Provided entries =>
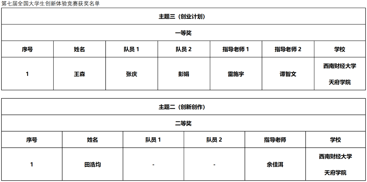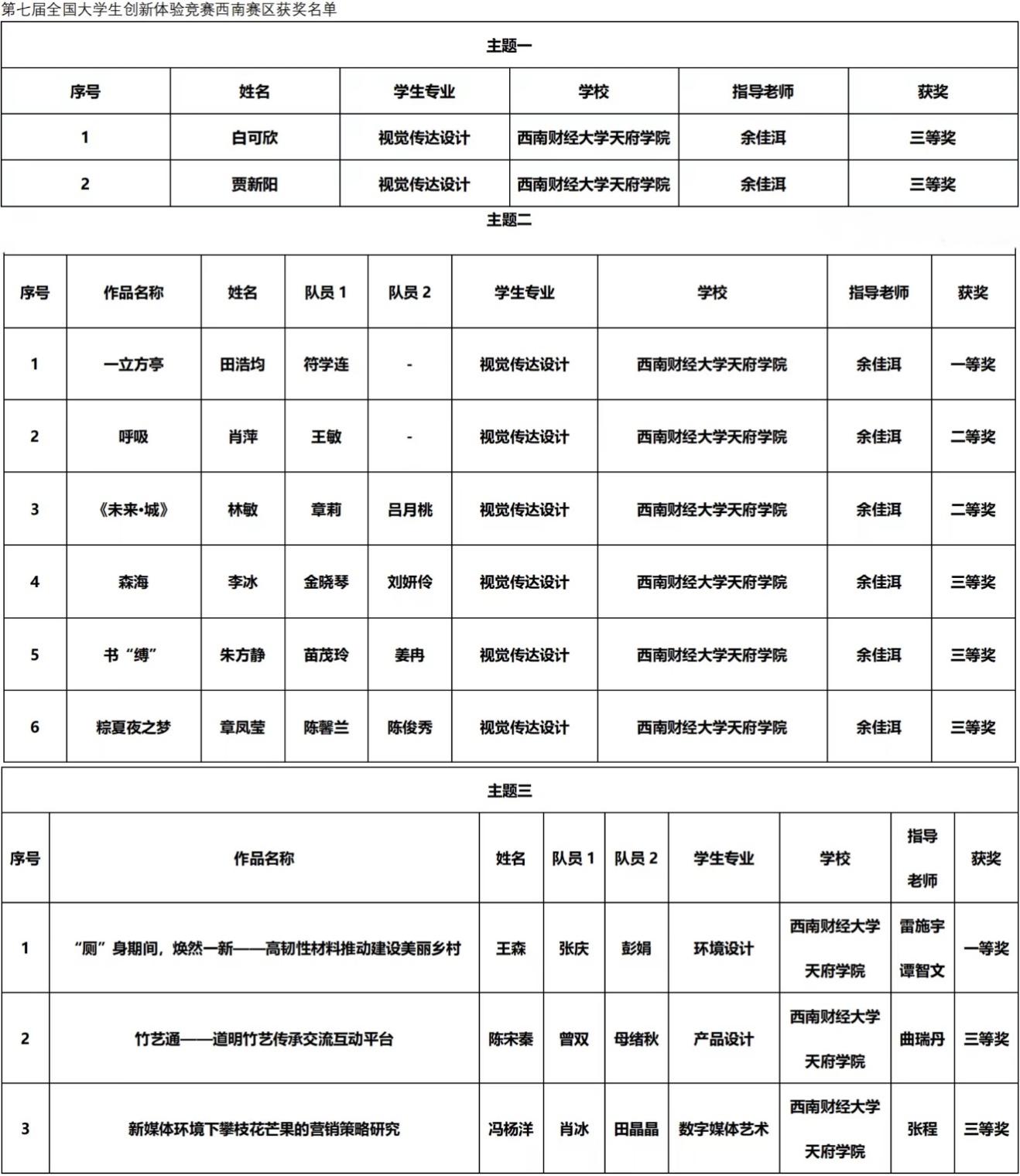 第七届全国大学生创新体验竞赛西南赛区部分获奖信息
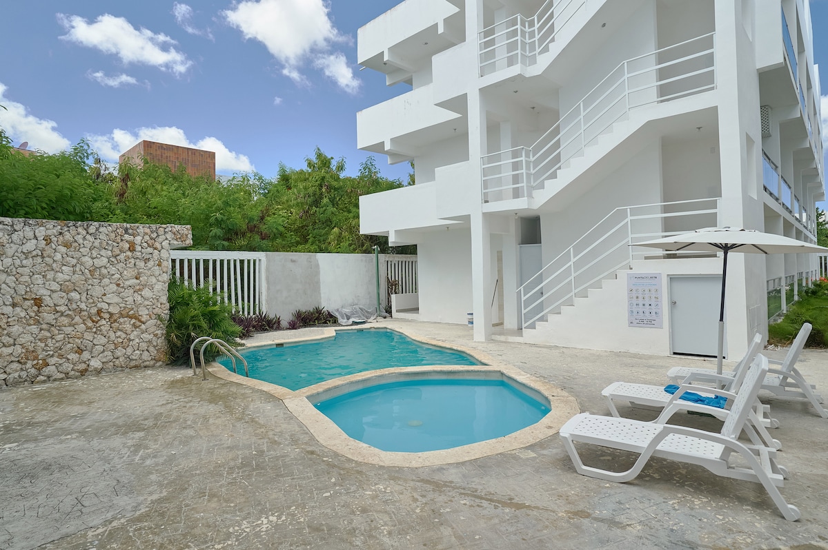 Prekrasan studio apartman smješten u terasi zgrade, 5 metara od pisoa (BEZ LIFTA), idealan za one koji žele uživati u karipskoj klimi. 3 prekrasna bazena i dječji vodeni park, samo 8 minuta od poznatog "Coco Bongo" u centru grada, okružen mogućnostima za uživanje i danju i noću, pored Delphinaria, Plaza San Juan sa supermarketom, restoranima, ljekarnama i bankama i masažom. Wi-Fi, voda za kupce, besplatan parking, 24-satno obezbjeđenje i 20 minuta od aerodroma.
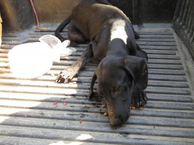 "Când m-am dat jos din mașină pentru a verifica ce se întâmplă cu ea, cățelușa a căzut imediat la pământ și a început să plângă. Era plină de purici și căpușe și foarte deshidratată, dar are cel mai bun suflet...I-am dat apă și puțină mâncare. De abia se putea ridica", a scris Tania.
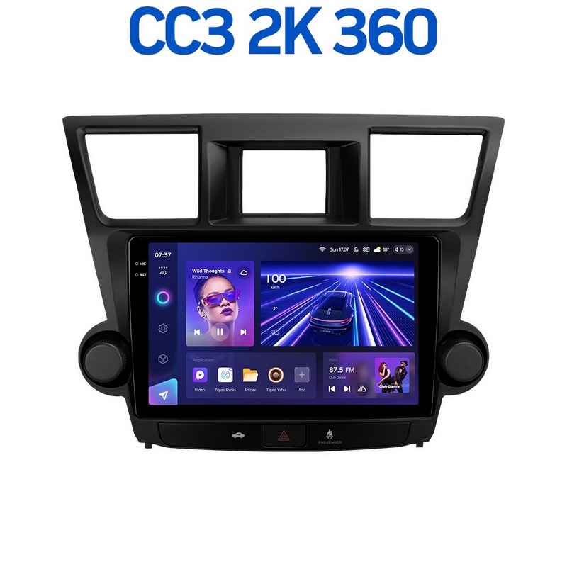 Магнитола TOYOTA HIGHLANDER 2007-2013 с ручками управления CC3 2K (360) 10 дюймов
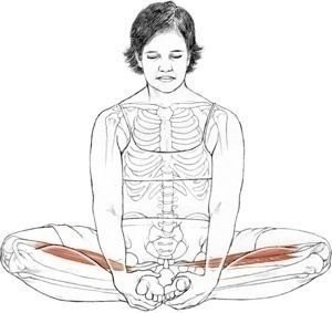1、静坐姿态,使两脚底靠拢,让腿放松朝向地板,两手握住脚踝,手肘放在大腿上,施加力量将大腿缓缓地往下推,直到大腿肌肉感到紧绷为止,动作中配合呼吸。停留10秒钟。
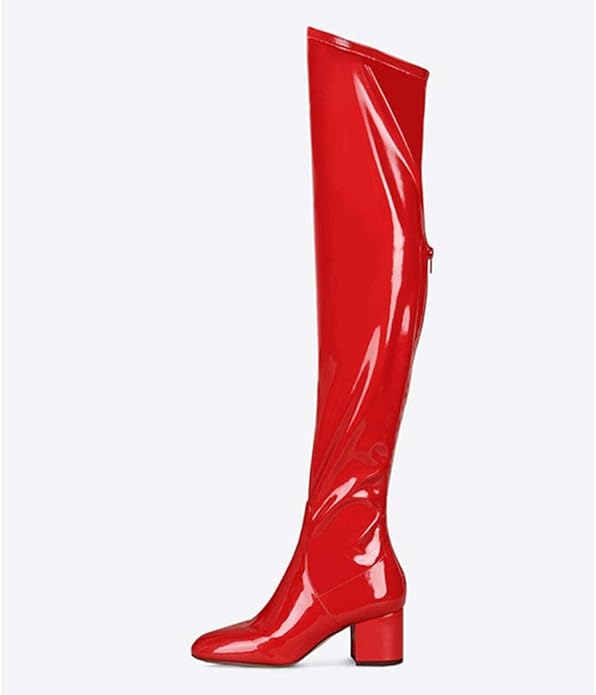 Wow-Faktor garantiert! Diese Damen Overknee Stiefel mit 8cm Blockabsatz sind der absolute Hingucker. Aus hochwertigem Synthetikmaterial in Lederoptik - sieht aus wie echt, ist aber viel pflegeleichter. Mit 58cm Schafthöhe und 40cm Schaftweite passen sie super. Die spitze Form ist total trendy und der Reißverschluss macht das Anziehen easy. Innen ist's gemütlich mit Textilfutter aus 100% Polyester. Für Herbst und Winter perfekt - zwar nicht gefüttert, aber mit Strumpfhosen oder dicken Socken trotzdem warm. Die 8cm Absätze sind noch gut begehbar und geben dir extra Höhe. Macht jede Figur einfach umwerfend! Perfekt für Parties, Dates oder wenn du einfach mal was Besonderes anziehen willst.
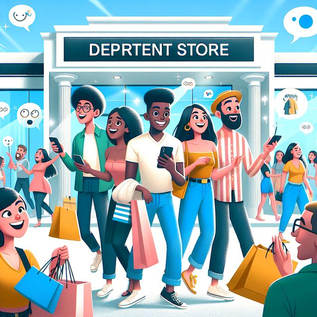 ChatGPT: A group of people leaving JCPenney with smiling faces, carrying bags of stylish and affordable items, while watching Casually Explained videos on their smartphones and laughing. The scene is full of relaxed and contented energy, as if the improved JCPenney experience has translated into a surge of joy while enjoying the casually informative content.
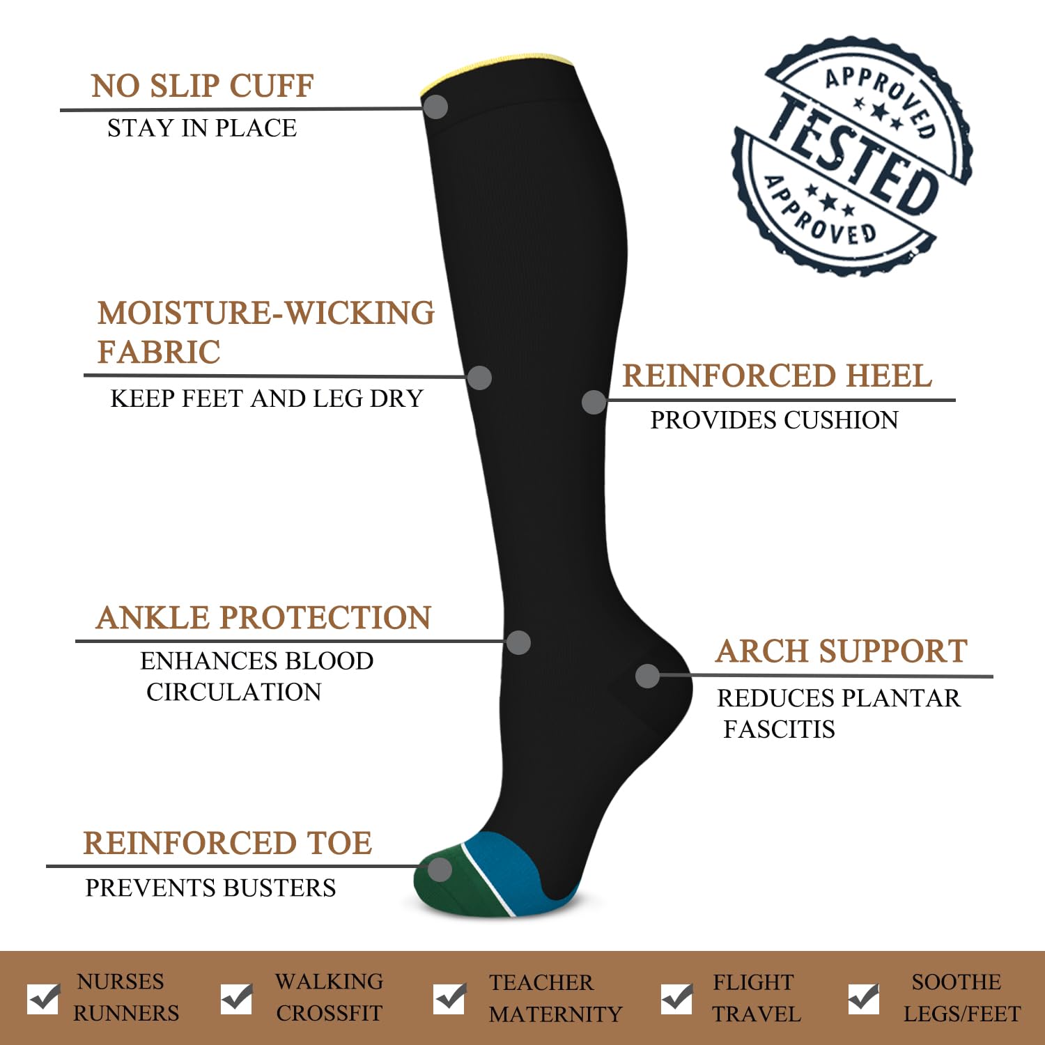 β Companion for Good Health - Compression socks are a must-have for those who work standing for long periods of time or invest heavily in sports and fitness lifestyles. This is an excellent gift for runners, athletes, fitness enthusiasts, office workers, parents or grandparents, joggers, nurses, and doctors.
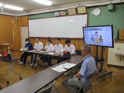 5限目に生徒会が中心となって、生徒集会がオンラインで行われ、「学校生活について」の見直しについて、報告がありました。
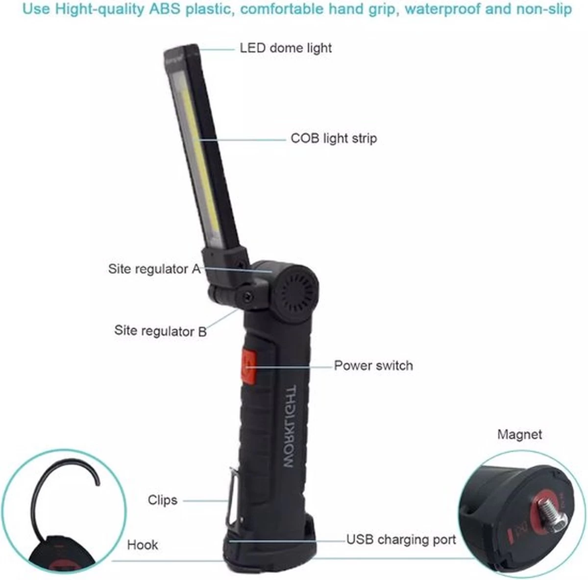 De 360 graden rotatie maakt de lamp veelzijdig inzetbaar. Dankzij de magneetfunctie en haak zijn uw handen vrij wanneer u een specifieke plek wilt verlichten. Ideaal voor autoreparaties, verlichting thuis, kamperen, wandelen, stroomuitval. De lamp wordt geleverd met micro-USB kabel.
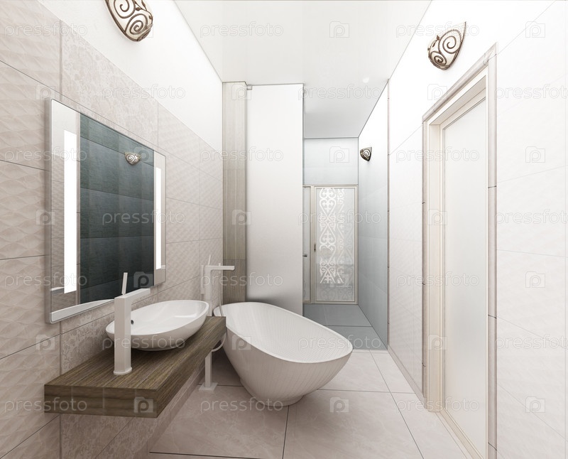 Рендеринг 3D-дизайн интерьера современной ванной
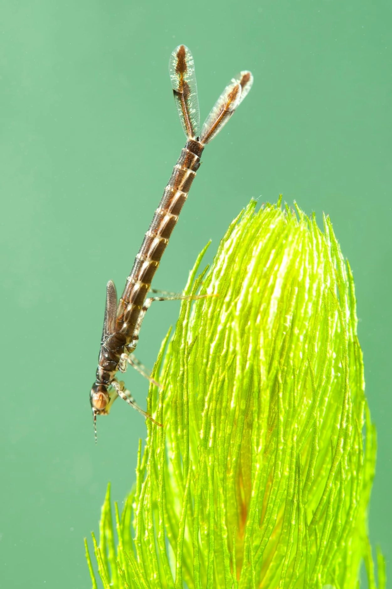De larven overwinteren een keer. Uitsluipen gebeurt vanaf half mei tot in augustus, met een piek in juli. Larvehuidjes zijn te vinden enkele centimeters hoog op stengels van oevervegetatie of emerse vegetatie, ook horizontaal op drijvende of net boven het water uitstekende vegetatie verder van de oever, of op stenen en kunstmatige substraten in de oeverzone."
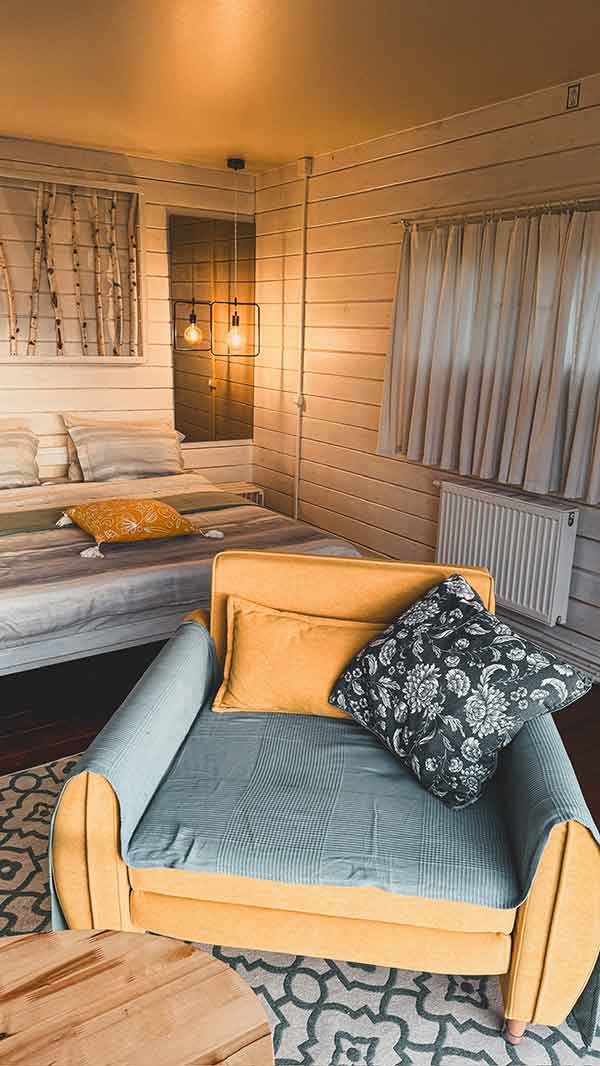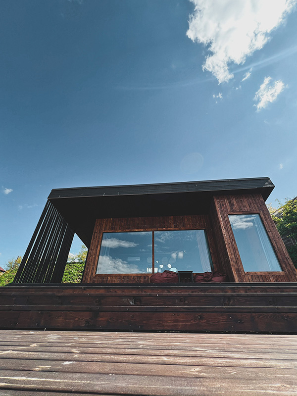 Первый домик мы построили в 2018 году. Сейчас у нас уже 6 домиков с уникальным дизайном, каждый мы придумали сами. И более 3000 довольных гостей. С первого домика и по сей день мы остаемся небольшим семейным делом и очень бережем место, которое нам досталось.
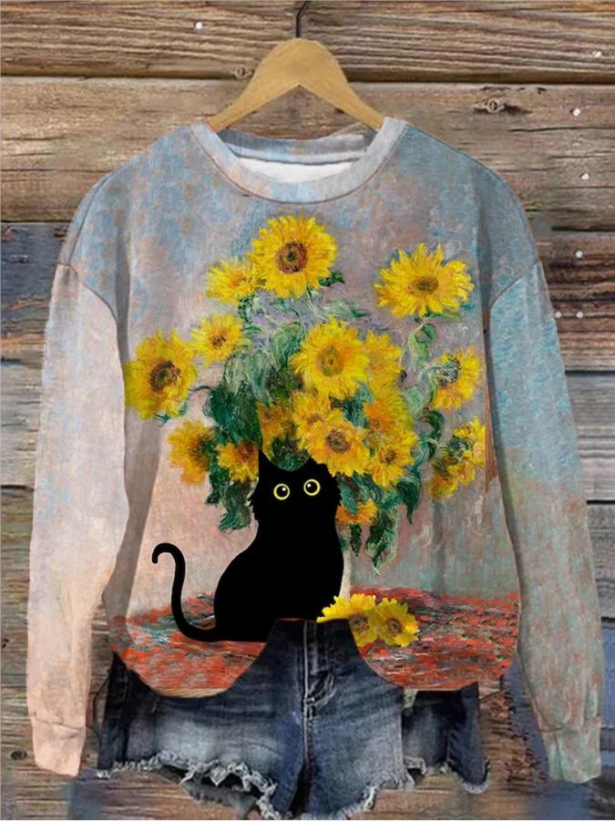 Funny Black Cat Sunflower Art Pattern Print Casual Sweatshirt
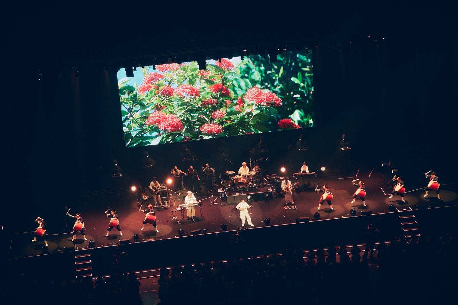 昨年の25周年ライブで行われたアコースティックセットもあった。ステージ前方にメンバーが横並びで座り、オーディエンスも着席。沖縄の満月の映像を背景にしての「いちばん近くに」。新里と仲宗根の珠玉のハーモニーが響き渡った。新里がサンゴ(白化サンゴ)の粉が使われた世界に一つしかないという三線を抱え「いつまでも沖縄の海、日本、世界の自然が残りますようにっていう想いがこもった三線です。この三線の音色に想いを込めて届けます」と言って、「そこにあるべきではないもの」を披露した。
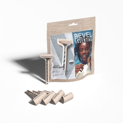 3 pack THE BEVEL DIFFERENCEThe Bevel Essential Disposable Safety Razor helps prevent nicks, tugs, and bumps by carefully removing hair from the skin’s surface. Our disposable razor handle is made with 45% wheat straw, a plant-derived alternative to common plastics. Preloaded with our stainless steel Bevel double-edge blades, the Bevel Core delivers the quality shave you expect in a convenient disposable form.
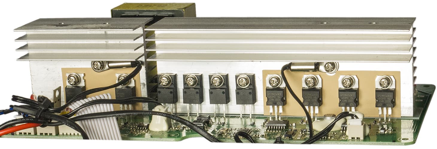 Мощные транзисторы установлены на двух ребристых радиаторах, к каждому из которых прикреплен термодатчик.
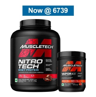 MuscleTech NitroTech Whey Protein 4 lb Milk Chocolate(India) & Vapor X5 Combo

Required work => Each line from the top of the records through the one containing "1、静坐姿态,使两脚底靠拢,让腿放松朝向" needs to be transcribed exactly, without pictures.

Solution to this problem =>
 第七届全国大学生创新体验竞赛西南赛区部分获奖信息
 Prekrasan studio apartman smješten u terasi zgrade, 5 metara od pisoa (BEZ LIFTA), idealan za one koji žele uživati u karipskoj klimi. 3 prekrasna bazena i dječji vodeni park, samo 8 minuta od poznatog "Coco Bongo" u centru grada, okružen mogućnostima za uživanje i danju i noću, pored Delphinaria, Plaza San Juan sa supermarketom, restoranima, ljekarnama i bankama i masažom. Wi-Fi, voda za kupce, besplatan parking, 24-satno obezbjeđenje i 20 minuta od aerodroma.
 "Când m-am dat jos din mașină pentru a verifica ce se întâmplă cu ea, cățelușa a căzut imediat la pământ și a început să plângă. Era plină de purici și căpușe și foarte deshidratată, dar are cel mai bun suflet...I-am dat apă și puțină mâncare. De abia se putea ridica", a scris Tania.
 Магнитола TOYOTA HIGHLANDER 2007-2013 с ручками управления CC3 2K (360) 10 дюймов
1、静坐姿态,使两脚底靠拢,让腿放松朝向地板,两手握住脚踝,手肘放在大腿上,施加力量将大腿缓缓地往下推,直到大腿肌肉感到紧绷为止,动作中配合呼吸。停留10秒钟。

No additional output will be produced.